Dubin’s reply brief addresses this argument, but let me give an example that shows how broadly the government’s 1028A elephant steps.   The federal computer hacking statute, known as the Computer Fraud and Abuse Act (CFAA), is found at 18 U.S.C. § 1030.  Although most CFAA crimes have nothing to do with fraud, any felony violation of § 1030 is a predicate offense for § 1028A. This is because one of the eleven categories includes “any provision contained in this chapter (relating to fraud and false statements), other than this section or section 1028(a)(7).” 18 U.S.C. § 1028A(c)(4).  That chapter refers to Title 18’s Chapter 47, spanning § 1001 to § 1040.  That’s a lot of crimes!  And it means that any felony violation of the CFAA is a felony predicate for aggravated identity theft, whether it has to do with fraud or not, just because the CFAA was placed within Chapter 47.

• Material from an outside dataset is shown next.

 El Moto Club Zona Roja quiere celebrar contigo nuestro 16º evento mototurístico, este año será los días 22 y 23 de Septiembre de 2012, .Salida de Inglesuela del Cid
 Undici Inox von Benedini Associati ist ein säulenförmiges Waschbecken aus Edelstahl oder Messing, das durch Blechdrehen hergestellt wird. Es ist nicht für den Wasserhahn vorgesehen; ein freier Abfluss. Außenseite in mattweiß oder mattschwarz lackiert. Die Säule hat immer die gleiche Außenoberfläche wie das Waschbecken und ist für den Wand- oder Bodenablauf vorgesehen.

The government’s interpretation of § 1028A would lead to bizarre results for CFAA sentencing. Congress has been really specific in drafting the punishments for CFAA violations.  It has carefully described what is a felony and a misdemeanor, and what the statutory maximum punishment should be for various felonies, see 18 U.S.C. § 1030(c).  It has thought carefully about whether there should be mandatory minimums for CFAA violations; it added 6-month mandatories for some CFAAA in the 90s, and then removed them in 2001 after the minimums proved a failure.  And it has tasked the Sentencing Commission with rethinking Guidelines offenses for Section 1030 offenses. See Homeland Security Act of 2002, Pub. L. 107-296 § 225(b), (c).

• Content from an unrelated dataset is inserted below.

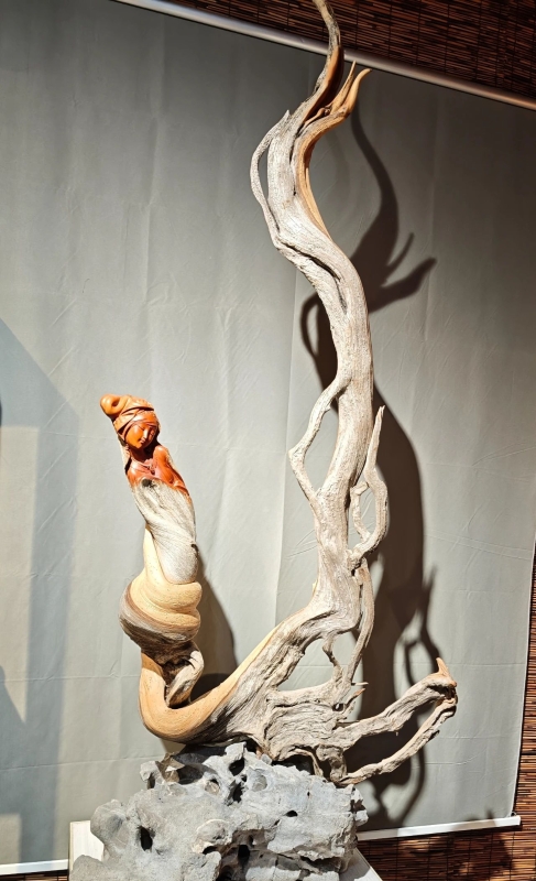 同樣“駐扎”牛扎坪花木城的,還有從事木雕工藝的董國周,“這個作品我個人很喜歡,有客人出價4500元,我沒舍得賣。做木雕是慢工出細活,產量雖低,但不愁賣?!彼钢粋€木雕說道。
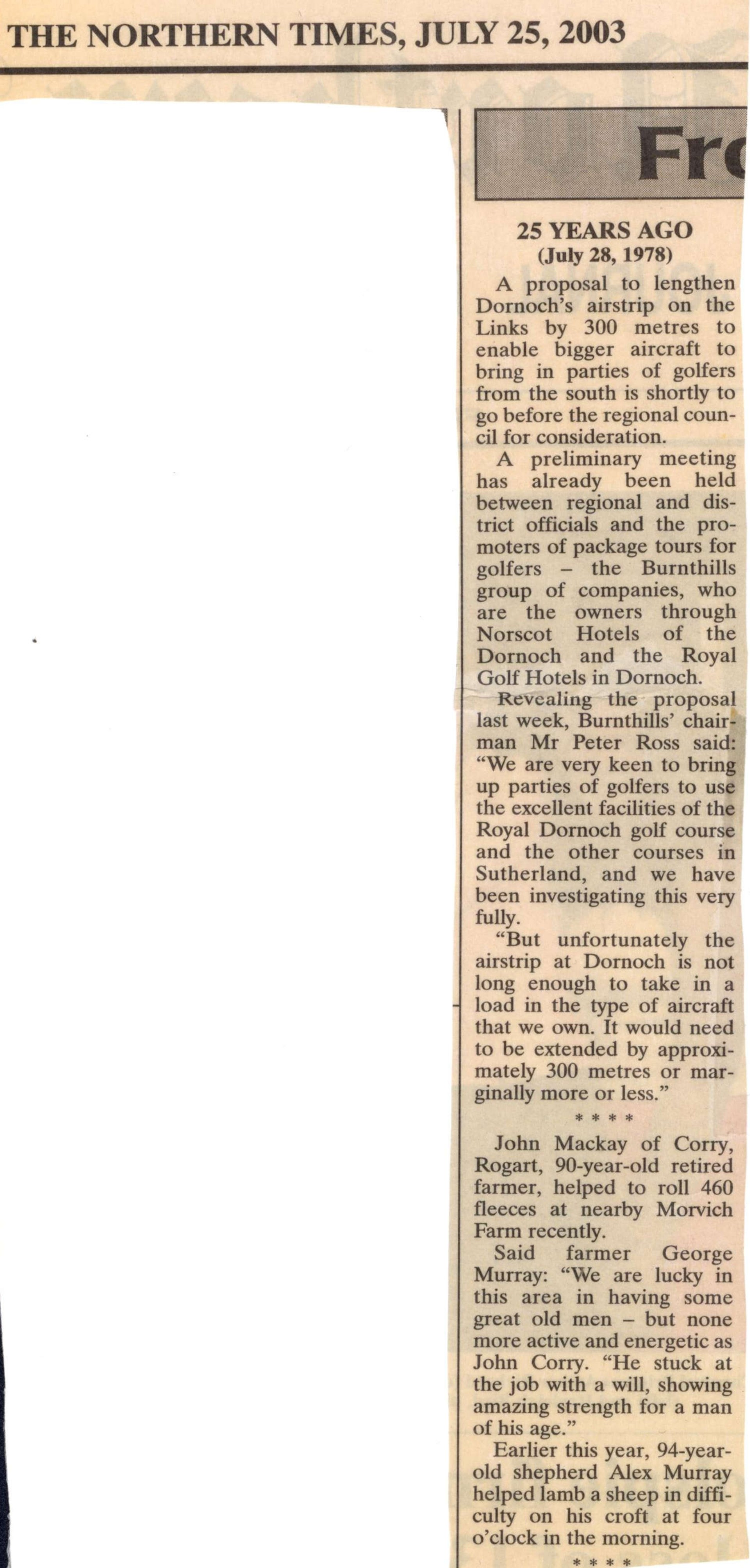 'From 25 years ago' extract from the Northern Times published July 25, 2003 reporting on a proposal, to go before the regional council, for consideration to lengthen Dornoch's airstrip by 300 metres to enable bigger aircraft to bring in parties of golfers from the south.

If the government’s interpretation of § 1028A is correct, however, what really matters for CFAA punishment is whether the hacking involved someone else’s password.  If you hack into someone’s account by exploiting a security flaw, that’s just a standard CFAA offense and you’ll probably get probation unless a lot of dollar loss occurred.  But if you hacked into someone’s account by using their password without permission, now you’re in deep trouble: That password is a “means of identification” under § 1028A, so now your hacking is Aggravated Identity Theft and you’ll go to prison for two years because a password was used.  (This isn’t a hypothetical; see United States v. Barrington, 648 F.3d 1178 (11th Cir. 2011), in which this reasoning was used, and at least on plain error review, upheld.)

Under the government’s view, all the careful statutory work Congress has put into CFAA sentences would be largely beside the point.  And it would lead to a bizarre result, in which using a person’s password would become the most important question in determining punishments for hacking.  It’s all very odd, and very far removed from anything resembling identity theft.  Replicate that process for all the other predicate felony offenses covered under § 1028A(c), and it seems unlikely that the vague language of § 1028A should  effectively supplant all those other statutory punishment sections.

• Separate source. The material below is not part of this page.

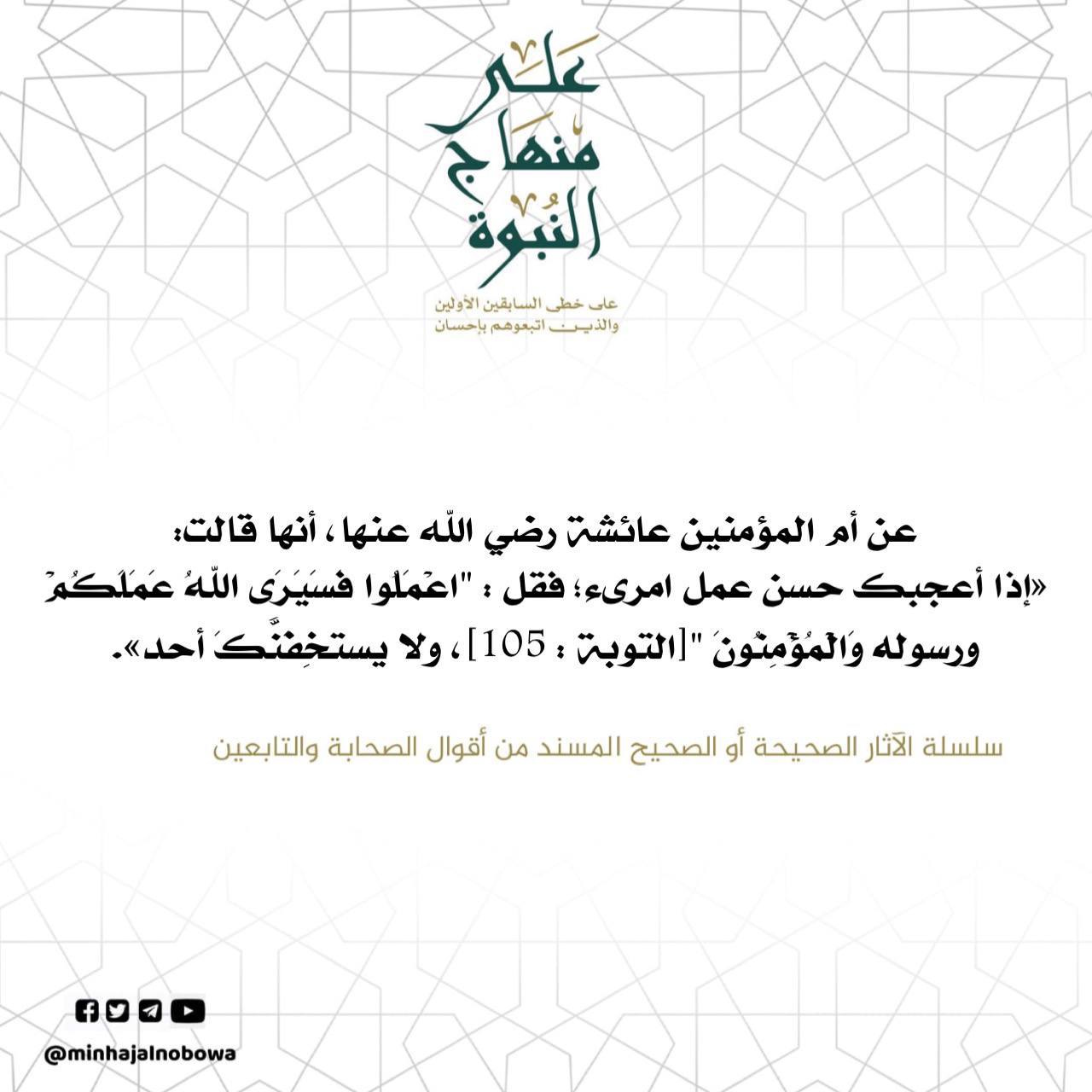 عن أم المؤمنين عائشة رضي الله عنها ، أنها قالت: «إذا أعجبك حسن عمل امرىء ؛ فقل : "اعْمَلُوا فَسَيَرَى اللَّهُ عَمَلَكُمْ ورسوله والمُؤْمِنونَ " [التوبة : 105] ، ولا يستخفنَّك أحد».
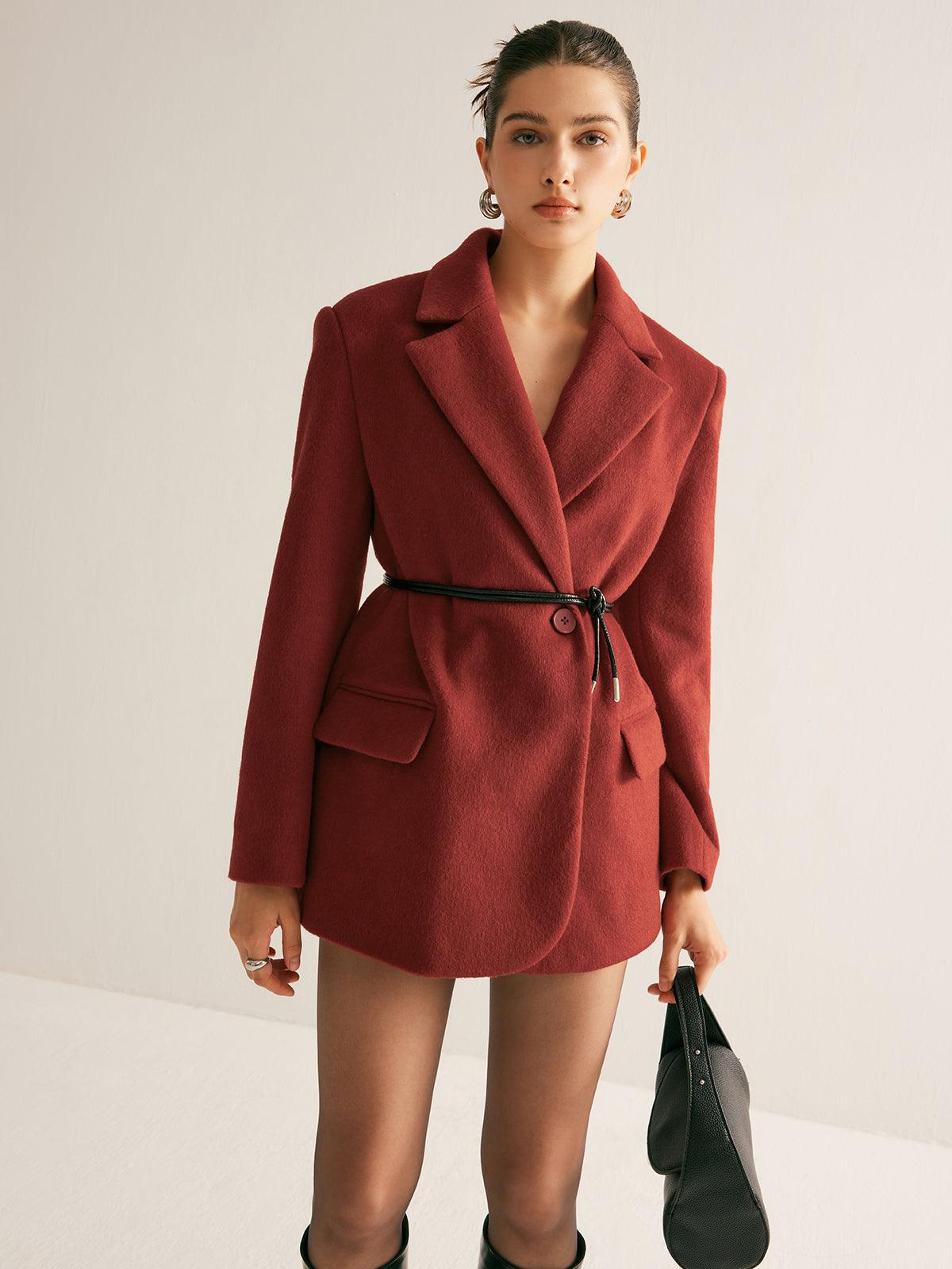 Kiremit Rengi Kuşak Detaylı Yün Ceket

It’s possible that the Court would instead resolve Dubin on narrower grounds, such as the “without lawful authority” element.   I think Dubin has the better argument there, too. As I see it, this is similar to the issue the Court grappled with recently in Van Buren v. United States, 593 U.S. ___ (2021), on what “exceeds authorized access” and “without authorization” mean under the federal computer hacking statute. Like Van Buren, Dubin had authorization to use the relevant information, but then used it to do something he wasn’t supposed to do. The parties (represented by the same lawyers as in Van Buren, as it turns out) are arguing over similar ground as in Van Buren, it seems to me. The question: Does authorization include having information you’re allowed to use but then putting it to other uses?  I think the answer following Van Buren should be “yes,” which, as I have detailed here (see pages 181-84), matches the traditional treatment of lack of authorization elements in other criminal statutes.

As always, stay tuned.

[UPDATE: I have fiddled a bit with this after posting to correct typos, etc.]